Some politicians say the welfare state is exploding, others call it underfunded. These are myths that stand in the way of necessary reform, writes economist Georg Cremer. He teaches as an adjunct professor of economics at the University of Freiburg and is the former Secretary General of the German Caritas Association – and currently a member of the Federal Government’s Pension Commission.
The Debate on the welfare state in Germany is determined by two competing myths: one says that welfare state explode unchecked, the other one, it has been destroyed for a long time. This polarization makes it difficult to explore cross-camp compromises, without which reform cannot succeed.
The explosion myth seems to have an effect on citizens. Two thirds of those surveyed in a recently published Forsa magazine survey star believe that the welfare state “in its current form” can no longer be financed. So you seem to share the view of Chancellor Friedrich Merz (CDU), who had repeatedly commented on this.

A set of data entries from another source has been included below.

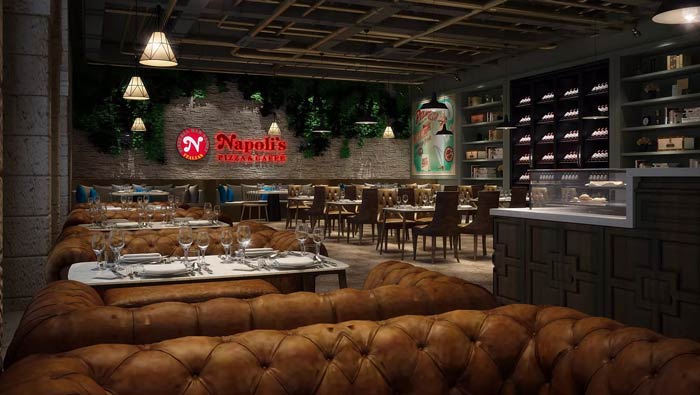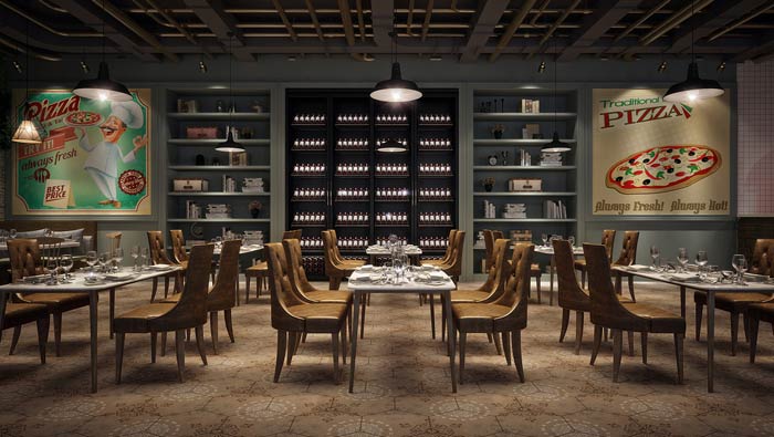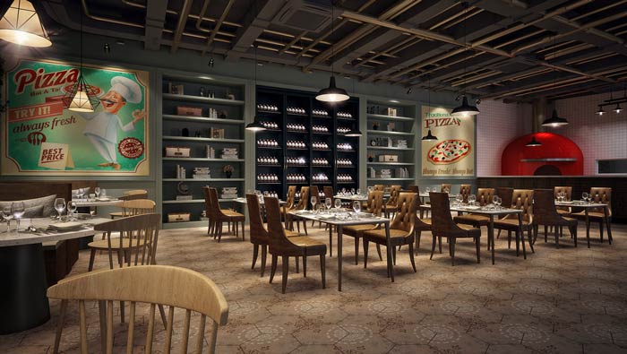本次披薩西餐廳裝修設計方案講解到此結束,設計師在設計中盡量的突出多元的屬性,目的就是為了避免單一的現象,設計師希望為餐廳打造一個包容、多元的就餐環境。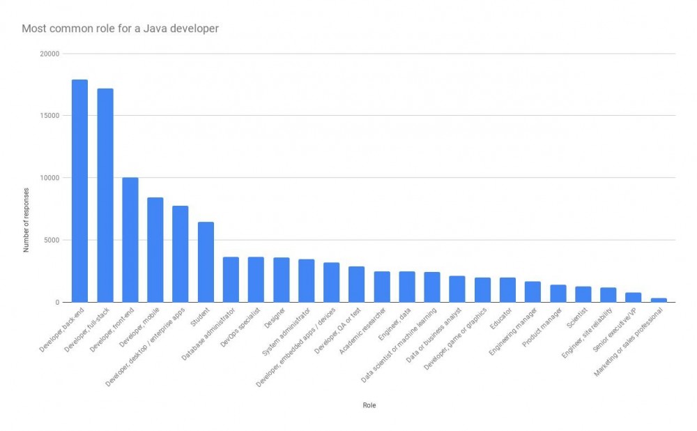 不出所料的是,大多数 Java 开发者把自己当做是后端开发工程师,在服务器上编写程序,并关联相关的数据库。这与很多企业使用 Java 的业务场景相吻合。Java 被用于开发并支持通常被企业内部和客户所使用的服务器端程序。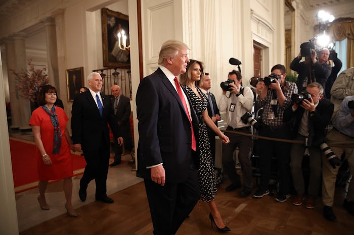 After news broke late Thursday evening that the United States had launched some 50-60 Tomahawk cruise missiles against a Syrian air base near Homs, the White House issued a statement with President Donald Trump's official response to the military action. "Tonight I ordered an airstrike," the president confirmed to reporters at his Mar-a-Lago estate in Florida, where he, the first lady, and adviser and son-in-law Jared Kushner were busy entertaining Chinese President Xi Jinping and his wife, Peng Liyuan. The president cited the recent chemical attack in the country's northwestern Idlib Province, which left scores of people — including dozens of children —dead, as the tipping point behind the strike.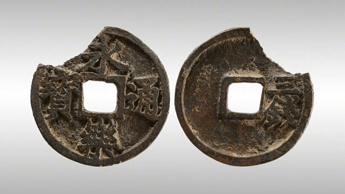 Монета в 3 вэнь, с указанием номинала на реверсе из коллекции Шанхайского музея. Диаметр 33.5 мм, масса 12.4 г.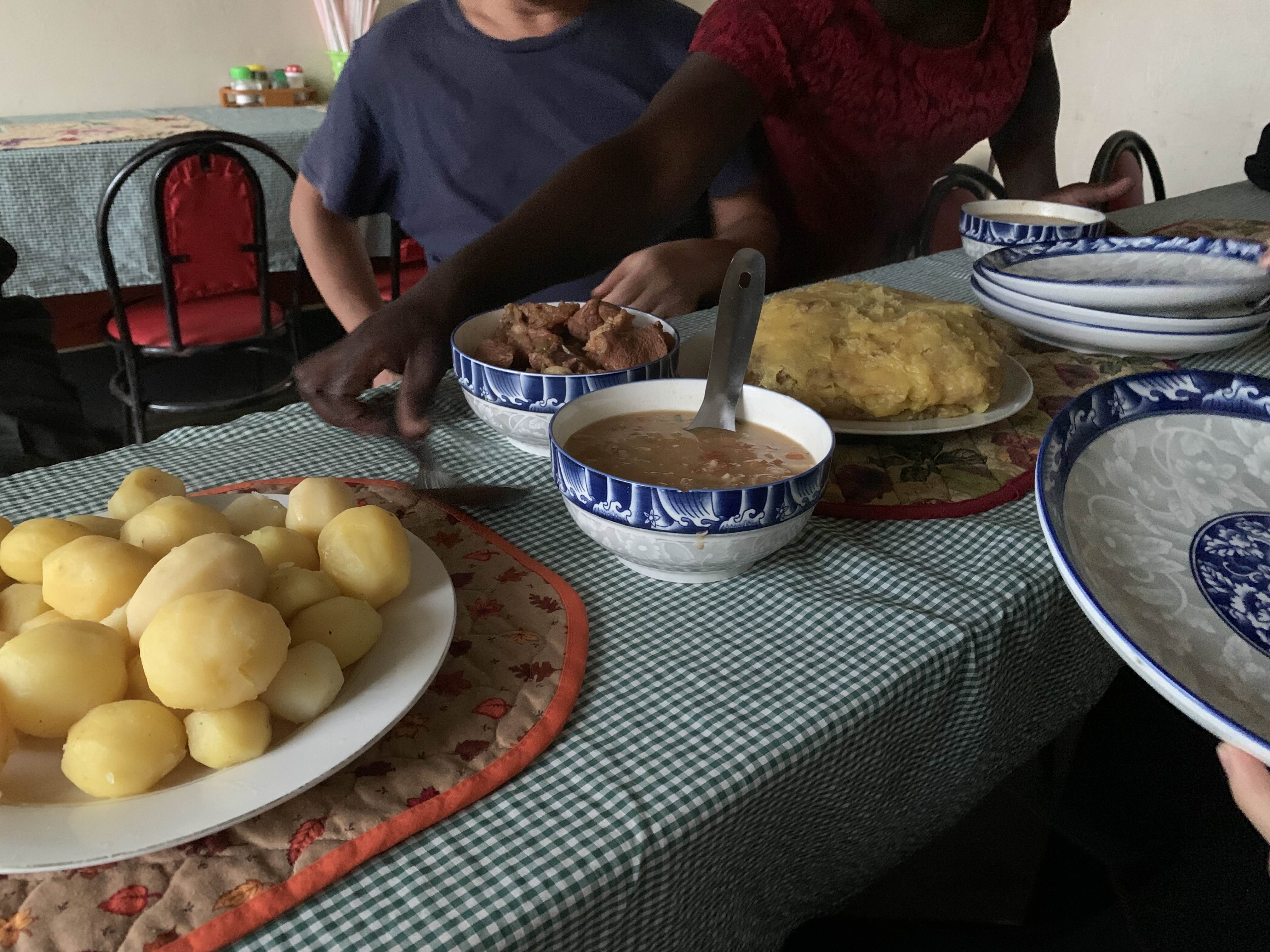 삶은 고기, 우거지국과 비슷한 수프, 감자, 바나나로 만든 밥(밥은 아니지만 하는 역할은 밥이라고 보면 될 듯)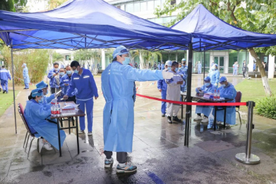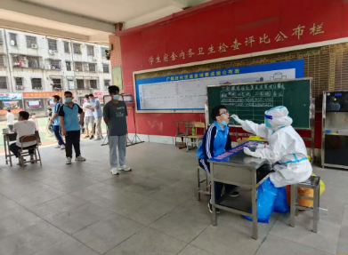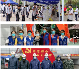 地處市區(qū)的廣州公司,迅速組建了一支以黨員為主的志愿者服務(wù)隊,助力所在社區(qū)(鶴園居委會)開展全員常規(guī)核酸檢測現(xiàn)場服務(wù)工作,以實際行動配合完成了6000多名居民核酸檢測任務(wù)。該公司職教事業(yè)部2所學(xué)校2000余名學(xué)生分轄荔灣、黃埔兩區(qū),學(xué)校教職工主動作為,積極配合醫(yī)護(hù)人員維護(hù)現(xiàn)場秩序、信息登記、查核健康碼等,順利完成2輪全員核酸檢測工作。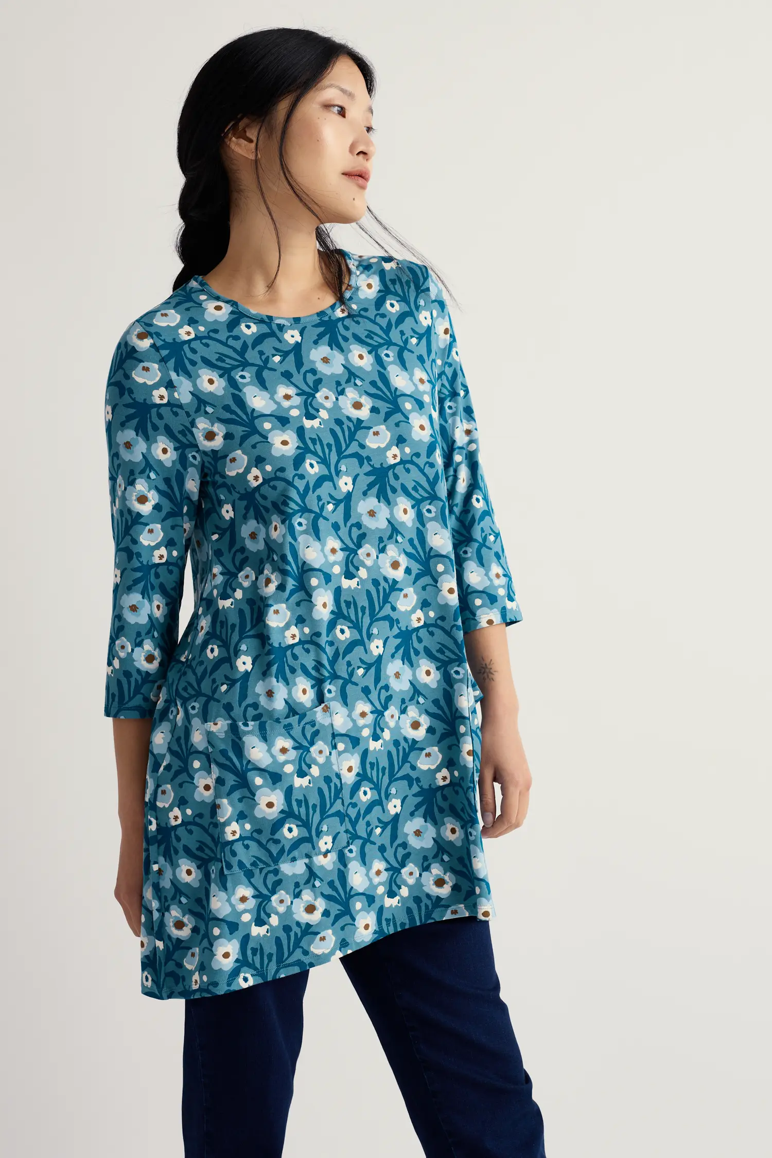 Easy-to-wear bamboo jersey women's tunic top. Falling to mid-thigh, it has 3/4 length sleeves & scoop neck. Great with leggings, jeggings or slim-fit trousers.

However, it is more than questionable whether the broad majority really thinks like the Chancellor. Because with high levels of support, citizens want as surveys have showna further expansion of the welfare state: more money for old age security, healthcare, care and people with disabilities. If they consider the welfare state to be no longer affordable, this has no impact on the expectations they have of it. At the same time, they want to be relieved of taxes and duties. But no policy can do justice to these contradictory expectations.
Anyone who wants to effectively support the narrative of the explosion often points to the increase in the social budget over the long period of the Federal Republic’s history. The social budget covers all social benefits that are publicly financed or have a legal basis, such as social insurance. It rose from the equivalent of 28 billion euros in 1960 in the old Federal Republic to almost 400 billion euros in the first year of reunification to 1,345 billion euros by 2024 (PDF). Every year an all-time high is announced, combined with the worrying question of whether the welfare state can still be saved.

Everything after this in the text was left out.